Heritability estimation of alternative splicing and gene expression

To quantify alternative splicing, percent splice-in (PSI) scores [18] were calculated for each gene using the following formula:

$$percent\;splice\;in\left(PSI\right)=\frac{inclusion\_counts/inclusion\_length}{inclusion\_counts/inclusion\_length+exclusion\_counts/exclusion\_length}$$

When estimating heritability, we only considered alternative splicing events with at least 5 total reads supporting both isoforms in at least 50% of the samples. Only alternative splicing events with a mean absolute deviation greater than 1, log2 variance greater than 2, skewness < 1.1 were considered variable and retained. In addition, to eliminate the influence of sex specific alternative splicing, we only retained events where samples from either sex contributed at least 20% of the estimable samples. PSI was normal quantile transformed using the R package bestNormalize [22]. The transformed PSI was used to estimate genomic heritability (h2) using the R package rrBLUP [23] with sex of the animal as a fixed effect. The R package fdrtool was then used to calculate the FDR value based on P values obtained from likelihood ratio tests.

Overall gene expression was estimated using transcript per million (TPM) output by StringTie. TPM of each gene was also subjected to a normal quantile transformation. The transformed TPM was then used to estimate the genomic heritability (h2) of gene expression by rrBLUP package. Genetic correlation was computed using the GCTA package [24]. The R package fdrtool was then used to calculate the FDR values based on the Benjamini-Hochberg approach.
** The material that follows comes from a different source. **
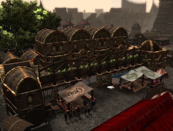 Area 001: Cannoneer's Square is a small specialty marketplace located behind the venerable Iluster College of the Arcane. The district is dotted with warehouses and workshops. A small alleyway lead off to one side of the College's alchemical labs, and onto the well-manicured college grounds. The market plays home to a number of travelling peddlers during the spring, and at present, is the site of a gathering expedition into the mountains, to be led by a small mercenary company camped in the middle of the square. To one side of the largest of the red tents is a grimy alleyway by which is reached a set of stairs, that lead up the mouldering ramparts to a quiet overlook, often frequented by city guards. Down the opposite stairs one comes to a locked grate through which lies access to the city's ancient, overgrown aqueducts.

Expression QTL and splice QTL mapping

eQTL and sQTL mapping was performed using the fastGWA function of GCTA [24] with sex of the animal fitted as a covariate. To estimate empirical FDR, we permuted the data set (animal ID) 200 times while preserving correlation among genes and performed eQTL and sQTL mapping in the permuted datasets. Empirical FDR for each was estimated as the observed number of significant QTLs at a given threshold divided by the average number of significant QTLs among the 200 permutations. eQTLs or sQTLs located within 1 Mb of gene boundaries were consider cis, and otherwise trans.

Mediation analysis

To identify potential mediator of pQTL effects, we first performed pQTL mapping in 67 traits using the same procedure as eQTL and sQTL mapping as described above. We then integrated pQTL, sQTL/eQTL, PSI/gene expression, and phenotypes using two approaches. First we tested association between pQTLs and phenotypes by adjusting the phenotypes for PSI or gene expression. Second, we performed a model based mediation analysis [21] to estimate proportion of the pQTL effect on phenotype that is mediated by the PSI/gene expression mediator. Significant mediators were identified at FDR = 0.05.